Characterization of a 5-Aminolevulinic Acid Synthase Mutant of Azorhizobium caulinodans ORS571. K. Pawlowski. Max-Planck-Institut fuer Zuechtungsforschung, Abteilung Genetische Grundlagen der Pflanzenzuechtung, D-5000 Cologne 30, Germany. S. P. Gough(2), C. G. Kannangara(2), and F.J. de Bruijn(1,3). (1)Max-Planck-Institut fuer Zuechtungsforschung, Abteilung Genetische Grundlagen der Pflanzenzuechtung, D-5000 Cologne 30, Germany; (2)Carlsberg Laboratory, Department of Physiology, Gamle Carlsberg Vej 10, DK-2500 Copenhagen Valby, Denmark; (3)MSU-DOE Plant Research Laboratory and Department of Microbiology, Michigan State University, East Lansing 48824 U.S.A. MPMI 6:35-44. Accepted 4 November 1992. Copyright 1993 The American Phytopathological Society.
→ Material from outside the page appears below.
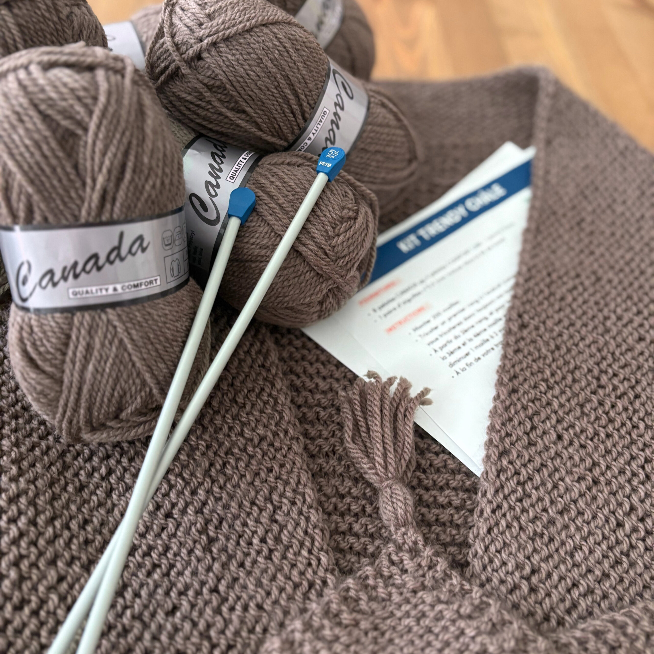 Ce kit tricot vous permettra de réaliser un joli trendy châle d’environ 160 x 80 cm. Nous avons imaginé et réalisé le modèle de ce châle avec un fil doux, en Laine et Acrylique, et certifié par le label Oeko-Tex Standard 100.

Using a heterologous 5-aminolevulinic acid synthase (ALAS) gene probe from Rhizobium meliloti, we cloned an Azorhizobium caulinodans hemA-like locus and constructed a hemA::Tn5 insertion mutant via gene replacement. The resulting mutant strain was found to be a strict 5-aminolevulinic acid (ALA) auxotroph, to be nitrogen-fixation proficient in culture (Nif⁺) and to induce ineffective, nitrogen fixation-deficient (Fix¯) root nodules, lacking leghemoglobin, on Sesbania rostrata. Moreover, the hemA::Tn5 A. caulinodans mutant (ALAS122) was found to be unable to induce stem-nodules on S. rostrata (Nod¯). Second-site suppressor mutations, capable of growing on full medium (TY) in the absence of additional ALA, were isolated (ALAS122RT strains). hemA::Tn5 strains carrying these secondary mutations were found to be disturbed in free-living nitrogen fixation (Nif¯ to Nif^+/¯) and in some cases in nitrogen assimilation (Ntr¯^/+), but displayed the same symbiotic phenotype as the original hemA::Tn5 strain (Fix¯ on roots; Nod¯ on stems). The Ntr¯/+ phenotype of the ALAS122RT strains could be complemented by plasmids carrying the ntrC and/or ntrYX loci of A. caulinodans, suggesting a role for the ntr system in controlling the activation of a (normally cryptic) secondary ALA biosynthesis pathway in strains carrying the second-site suppressor mutations. Growth of the ALAS122RT strains on TY medium lacking ALA was found to be inhibited significantly by inhibitors of the C₅ ALA synthesis pathway, such as gabaculine and amino-oxyacetate (AOA), suggesting the possibility that both the Shemin and C₅ ALA synthesis pathways may exist in A. caulinodans.